In 2006, Johannes Bernardus Alphonsus Schoonhoven (the founder) registered a discretionary trust called The Schoonies Family Trust. On 21 July 2010, the founder and his wife executed a will. The founder died in 2015. The Trust Deed included a definition of 'Capital Beneficiaries' which required designation from listed categories including: the founder and his wife (items i-ii), the founder's four sons (item iii), their lawful descendants (item iv), trusts created for their benefit (item v), juristic persons in which they hold shares (item vi), and testate or intestate heirs if none of the above exist (item vii). Clause 27 of the Trust Deed contained a 'testamentary reservation' giving the founder rights to: (1) determine the vesting date, and (2) prescribe the formula for distribution of the trust fund among capital beneficiaries. Clause 5.2 of the Will determined the vesting date as 15 years from the founder's death. Clause 5.3 stated that 'the Capital Beneficiaries will receive the net proceeds of the Trust in equal shares.' A dispute arose between the trustees (three of the founder's sons and another) and Mr Pieter Schoonhoven (the fourth son) about whether the trustees had discretion to designate capital beneficiaries, or whether the founder had already designated them in his Will.
The appeal was dismissed with costs, including the costs of two counsel where so employed. The high court's order dismissing the trustees' application for declaratory relief was upheld, though on different reasoning than the high court employed.
Where a discretionary trust deed confers testamentary reservation rights upon a founder to prescribe the formula for distribution of trust assets among capital beneficiaries, and such rights are exercised in a will referring to 'the Capital Beneficiaries' receiving equal shares, this constitutes a valid designation of all persons falling within the defined class of capital beneficiaries, even where that class includes indeterminate sub-classes (such as trusts or juristic persons to be formed).
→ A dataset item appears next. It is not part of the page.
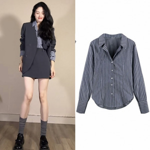 秋にはvネックの長袖スーツのジャケットの中にストライプのシャツの半身のスカートを着ます。
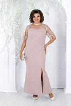 Платье прилегающего силуэта, длиной за колено. С декоративным вырезом по переду. Спинка с талиевыми вытачками и средним швом, в котором обработана застежка на потайную тесьму-*молнию* и шлица. По горловине спинки разрез с застежкой на пуговицу. Платье с нагрудными и талиевыми вытачками и кокеткой из отделочной ткани ( сетка).

Such designation is valid and binding provided the overall class is adequately specified, notwithstanding that: (i) specific members of indeterminate sub-classes cannot be identified at the time of designation; (ii) equal designation may lead to unequal results due to subsequent events; and (iii) the trust deed expressly permits allocative inequality. Once the founder has exercised such testamentary reservation rights, the designation is binding and trustees have no residual discretion to re-designate capital beneficiaries.
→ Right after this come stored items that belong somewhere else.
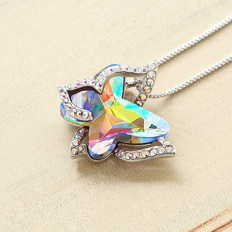 Wearmissshop Fashionable Diamond Crystal Butterfly Pendant Necklace
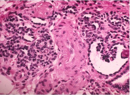 Histology: thyroidization, eosinophilic infiltration
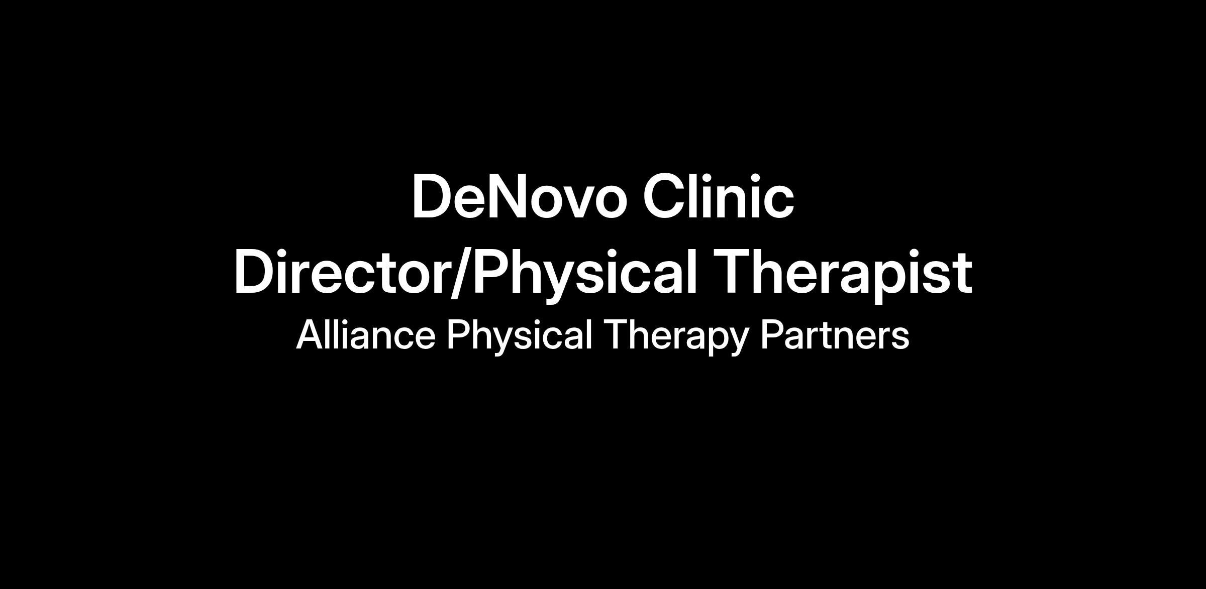 Summary: The Clinic Director of a new launch or “De NoVo” clinic is responsible for the growth and management of the physical therapy clinic including the financial well-being of the clinic, overall patient, and employee satisfaction, as well as the evaluation and treatment of patients. This includes effective clinical operations, clinical growth and staff development, and relationship building and referral growth and management with the local community, physicians and other sources of patients. They oversee all clinic staff and coordinate staff scheduling and management to optimize the operation of the clinic in accordance with standards set by Alliance PT. They also develop relationships with referring physicians and potential referring physicians to sustain and develop referral sources including case managers, attorneys, adjustors, etc. Success will be measured not only by clinical outcomes but by meeting revenue, profit, growth, and compliance goals, and also by relationships built with the staff, patients, and referral sources, as well as the clinical training and development of staff.

The Court made several obiter observations: (1) That discretionary trusts with wide discretionary powers, including powers to select beneficiaries, are well-established in South African law, provided beneficiaries or classes are adequately specified (citing Braun v Blann and Botha NNO and Smit v Du Toit). (2) That in a simplified case, if given the right to choose from x, y and z with no minimum or maximum specified, one has the following choices: x or y or z; x and y; x and z; y and z; or x and y and z – conceptually, choosing from a list allows for choosing all. (3) That the problem of indeterminacy regarding classes of beneficiaries is not confined to trusts and companies but extends to lawful descendants who may be born after the founder's death. (4) That there is no reason to suppose a founder intended to accord himself a more limited right of designation to exercise by discretion than the residual provision with which he was content in the event he did not exercise his discretionary rights. (5) That the freedom and paramountcy of testamentary prescription rights is clearly expressed in trust deeds that provide such prescriptions shall have preference and be binding.
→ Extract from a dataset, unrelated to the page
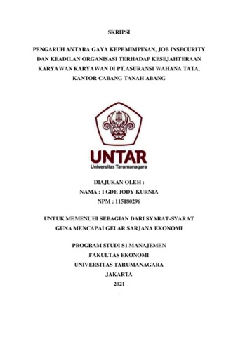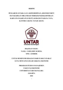 KURNIA, I GDE JODY (2022) PENGARUH ANTARA GAYA KEPEMIMPINAN, JOB INSECURITY DAN KEADILAN ORGANISASI TERHADAP KESEJAHTERAAN KARYAWAN KARYAWAN DI PT.ASURANSI WAHANA TATA, KANTOR CABANG TANAH ABANG. Skripsi thesis, Universitas Tarumanagara.

This judgment clarifies important principles regarding discretionary trusts in South African law: (1) The scope of testamentary reservation rights in trust deeds must be interpreted purposively and can encompass both identification of beneficiaries and distribution formula. (2) A founder's discretion to designate capital beneficiaries can validly extend to indeterminate classes (trusts or companies to be formed, descendants to be born) provided the class itself is adequately specified, even if specific members cannot be identified at the time of designation. (3) The reference to 'capital beneficiaries' or 'the capital beneficiaries' in a trust context, absent contrary indication, should be interpreted to mean 'all capital beneficiaries' from the defined class. (4) Allocative inequality is permissible in the exercise of testamentary discretion under trust deeds where the deed expressly permits unequal distributions. (5) Courts will give paramountcy to the exercise of reserved testamentary rights where the trust deed makes such provisions binding. (6) The case reinforces Endumeni principles of contextual interpretation applied to trust deeds and wills, emphasizing fidelity to the founder's intention. This decision provides guidance on the interpretation of common clauses in South African discretionary family trusts, particularly regarding the interaction between trust deeds and wills where testamentary reservations exist.